# Schleife in SQL?



## Solna (28. Okt 2008)

Hallo alle zusammen,

Ich habe folgendes Problem: ich muss aus einer Tabelle alle Datensätze löschen, wo
artikel_nr "so und so" ist. Nur habe ich 31000 solche artikeln_nr, dessen Datensätze gelöscht werden sollen.
Die Artikeln_nr stehen in einer separaten Tabelle.

Wie kann ich im SQL Befehl etwas wie eine Schleife einbauen, oder geht das gar nicht.

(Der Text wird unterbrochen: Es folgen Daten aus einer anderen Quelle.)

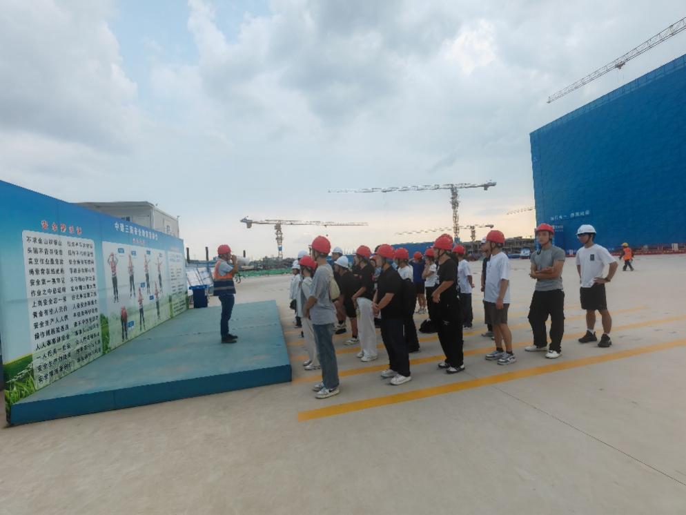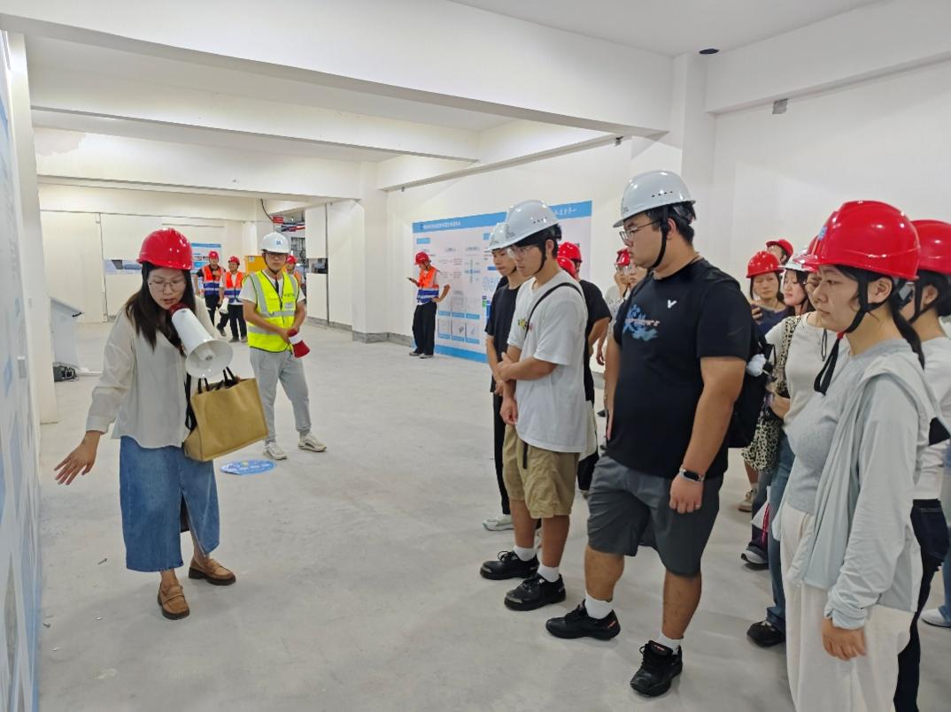 在出发前,陈静对学生们进行了详细的安全教育和任务部署,强调了实践教学的重要性和现场纪律要求。抵达项目现场后,中建三局的工作人员热情地接待了师生一行,并安排了专业的安全监督人员为学生们介绍项目的整体规划、施工进度、智能设备、实体构件、智慧工地等情况。

Für einen Tipp werde ich mich sehr freuen


----------



## ARadauer (28. Okt 2008)

mit einem inner select kannst du das lösen

..

delete from TabelleA where artikel_Nr in (Select artikel_Nr from tabelleB wehre blablalbalbaba)


----------



## Solna (28. Okt 2008)

Ich habe da noch größe,

Also artikel_nr und Größe,

Ich weiß jetzt nicht was ich mit dem zweten Parameter (Größe) machen soll....  

könntest du vielleicht noch genauer schreiben, bitte


----------



## HoaX (28. Okt 2008)

was willst du mit der größe machen?

egal was, es jetzt ein zu setzen sollte doch ein leichtes sein ...


----------



## Solna (28. Okt 2008)

Es ist so, dass es Artikeln mit dem selben Art_nr gibts, aber in verschiedenen Größen.
Und in Tabelle stehen Artikel und Größe. Das ist wichtig, weil
z.B. alle Datensätze von artikel nr 5000 gr 52 gelöscht werden sollen, und von artikel_nr 5000 gr 48 - NICHT.

Aslo, dann soll ich sagen, nimm mir aus der Tabelle Art_nr UND Größe und das genau geht nicht :bahnhof:


----------



## ARadauer (28. Okt 2008)

warum nicht?


delete from artikel where art_nr = 5000 and gr = 48


----------